Amerykańskie Strykery mogą trafić do Polski w formule donacji. MON zapewnia, iż nie zablokuje to zakupów Rosomaków ani nowego KTO.
Jak ustaliła redakcja Defence24, Ministerstwo Obrony Narodowej przyznało, iż analizuje ofertę bezpłatnego przekazania pojazdów z zasobów US Army stacjonującej w Europie. Jednocześnie resort jednoznacznie odpowiada na obawy, iż większa liczba Strykerów mogłaby wyhamować zakupy Rosomaków i nowego kołowego transportera opancerzonego: MON zapewnia, iż krajowe programy mają być kontynuowane.
Strykery z amerykańskich magazynów w zasięgu Polski
Informacje o możliwym transferze Strykerów do Polski pojawiały się w przestrzeni publicznej już od kilku tygodni, ale dopiero teraz MON wprost potwierdził, iż taka oferta faktycznie leży na stole. Chodzi o wozy pochodzące z zasobów US Army rozmieszczonych w Europie, które Amerykanie są gotowi przekazać stronie polskiej bez opłaty za sam sprzęt.
Resort obrony w odpowiedzi na pytania Defence24 podkreślił wprost, iż w ministerstwie realizowane są analizy propozycji rządu Stanów Zjednoczonych dotyczącej bezpłatnego pozyskania kołowych transporterów opancerzonych Stryker. To oznacza, iż sprawa nie jest już tylko dywagacją ekspertów, ale przedmiotem formalnych prac w resorcie.
Z polskiego punktu widzenia najważniejsze jest to, iż mowa o wozach, które mogą stosunkowo gwałtownie zasilić jednostki wymagające uzupełnienia sprzętu – bez wieloletniego czekania na nowe linie produkcyjne.
Strykery nie zastąpią Rosomaka ani nowego KTO
Wejście do linii kolejnego typu kołowego transportera opancerzonego natychmiast wywołało pytania o los polskich programów: obecnych Rosomaków i planowanego następcy w ramach programu nowego Kołowego Transportera Opancerzonego. W przestrzeni publicznej pojawiły się scenariusze, w których duża dostawa używanych Strykerów mogłaby zepchnąć na boczny tor krajowe projekty zbrojeniowe.
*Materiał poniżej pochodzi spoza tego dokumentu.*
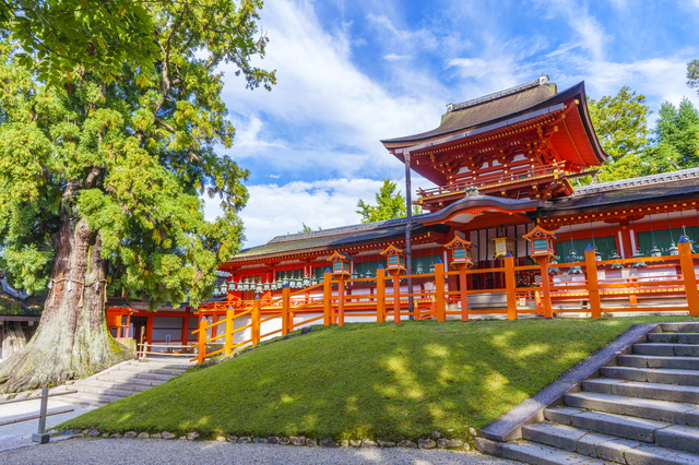 東大寺から歩いて約15分、鹿が自由に歩き回る奈良公園を抜けた先に鎮座するのが春日大社です。768年に創建されたこの神社は、世界遺産「古都奈良の文化財」の構成資産のひとつ。朱塗りの社殿が深い緑の原始林に包まれた光景は、他の神社では味わえない独特の神秘性を放っています。参道には約2,000基の石燈籠が並び、社殿周辺には約1,000基の釣燈籠が吊り下げられています。2月と8月に行われる万燈籠の神事では、すべての燈籠に火が灯され、幻想的な光景が広がります。宝物殿には国宝・重要文化財が多数収蔵されており、歴史好きにはたまらない空間です。境内は無料で散策できますが、御本殿エリアは有料なのでぜひあわせて参拝を。

MON w przesłanym stanowisku odniósł się do tych obaw niezwykle jednoznacznie. Resort stwierdził, iż ewentualne pozyskanie KTO Stryker wychodzi naprzeciw potrzebom Sił Zbrojnych RP i nie stanowi zagrożenia dla planów zakupowych. Innymi słowy: Strykery miałyby być dodatkiem, a nie substytutem tego, co powstaje lub ma powstać w polskim przemyśle zbrojeniowym.
Ta deklaracja jest istotna zarówno dla żołnierzy, jak i dla krajowych producentów sprzętu. Wojsko otrzymuje sygnał, iż może liczyć na szybkie uzupełnienie stanów, a przemysł – iż dotychczasowe kontrakty i plany nie są w tej chwili skreślane przez pomysł wykorzystania amerykańskich zasobów.
Sprzęt za darmo, ale koszty i tak będą
Drugim kluczowym wątkiem są oczywiście pieniądze. Używany sprzęt pozyskany w formule donacji nie oznacza, iż cała operacja jest bezkosztowa. choćby jeżeli same transportery mają zostać przekazane bezpłatnie, to po stronie polskiej i tak pojawią się wydatki na ich dostosowanie, remonty, doposażenie, szkolenie załóg i przyszłe utrzymanie w linii.
Defence24 zapytało MON o szacunki finansowe obejmujące nie tylko przekazanie pojazdów, ale również przygotowanie ich do służby i logistykę. Resort na tym etapie nie przedstawił konkretnych liczb. Zaznaczył jednak, iż zaproponowana formuła przekazania Strykerów może być korzystna dla Sił Zbrojnych RP zarówno pod względem finansowym, jak i czasowym.
Za przyjęciem oferty przemawia potrzeba sprawnego uzupełnienia ilościowego sprzętu oraz wyposażenia jednostek wojskowych. To oznacza, iż w oczach MON bilans pomiędzy kosztami okołotransakcyjnymi a zyskiem w postaci szybkiego zwiększenia potencjału jest oceniany pozytywnie, choć szczegóły pozostają na razie niejawne.